El postmodernismo se infiltrado de manera descarada no solo en las iglesias locales sino en las organizaciones para eclesiásticas.   Ya muchos cristianos, iglesias, y organizaciones para eclesiásticas han vendido sus credos doctrinales, sus convicciones teológicas, las verdades, valores y absolutos bíblicos por complacer a minorías con influencia.    De manera que el mundo no cristiano no sabe distinguir quien en realidad tiene la verdad absoluta. Muchas personas sin Cristo están confundidas al ver que muchos cristianos e iglesias hacen exactamente lo que en el mundo se hace, por lo cual no hay necesidad de dejar el mundo y sus deseos.   Claro, esto es obra del príncipe de este mundo, el diablo, quien ha encontrado la mejor estrategia y aliado en el postmodernismo, pero también en los cristianos carnales.

Lo que dice Pedro es una gran verdad, el hijo de Dios debe vivir como un hijo de Dios, tal como la Biblia lo dice.    Primero debe ser un cristiano obediente a Dios, a su Palabra y a las autoridades, viviendo de una manera correcta, con una actitud clara de servicio.   La obediencia es una de las virtudes mas difíciles de practicar en todos los ámbitos de la vida, aun dentro de las iglesias hay muchos, pero muchos desobedientes aun cuando aparenten vidas rectas.   Y a quien menos obedecemos es a Dios, porque no estamos haciendo lo que nos ha ordenado hacer según la Palabra.    Orar sin cesar, ¿lo hacemos?, predica a tiempo y fuera de tiempo, ¿lo hacemos?  Dad a Dios lo que es de Dios y al Cesar lo que es del Cesar, ¿lo hacemos?, Escudriñad las Escrituras, ¿lo hacemos?, Amaos los unos a los otros como Cristo nos amo, ¿lo hacemos?, Servíos en amor los unos a los otros, ¿lo hacemos?, Ninguna palabra corrompida salga de vuestra boca ¿lo hacemos?, No hagáis acepción de personas, ¿así actuamos?, etc.

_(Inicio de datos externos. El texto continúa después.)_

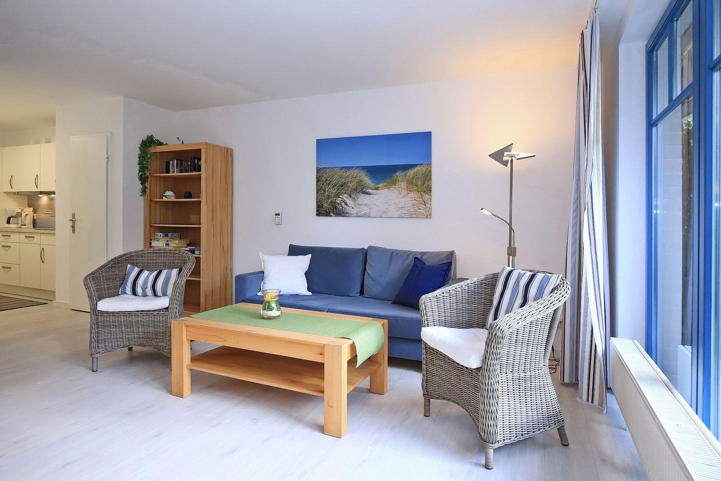 Vom Wohnbereich aus gelangst du direkt auf die Terrasse mit Strandkorb und weiteren Möbeln. Im Wohnzimmer befindet sich die hochwertige und leicht ausziehbare Schlafcouch (160 x 200 cm) auf der auch zwei Personen übernachten können, sowie der helle Essbereich.

Definitivamente, aun nos hace falta vivir como hijos de Dios.  Podría citar centenas de cosas que no estamos haciendo, sin embargo, vivimos como que si somos buenos cristianos.  Por otro lado, ¿sufrimos por causa del evangelio, por causa de Cristo, por causa del amor de Dios?  Nos enojamos cuando el policía nos detiene por no hacer un alto donde debíamos hacerlo o porque vamos en velocidades no permitidas, ¿merecemos castigo?, si, por que hicimos lo malo, y por eso Dios no es honrado.   Pero cuando alguno nos insulta por hablar de Cristo, entonces, Dios es honrado.    Cuando usted sufre penalidades como buen soldado de Jesucristo, Dios es glorificado.  La Paradoja es esta, si su sufrimiento, dificultad, pena, dolor es por haber estado haciendo lo bueno, lo correcto, lo justo; entonces, Dios lo felicita.    Pero cuando usted sufre por causa de haber hecho lo malo, usted no solo recibe lo que merece y Dios no es honrado.       Así que, demos evidencia de quienes somos…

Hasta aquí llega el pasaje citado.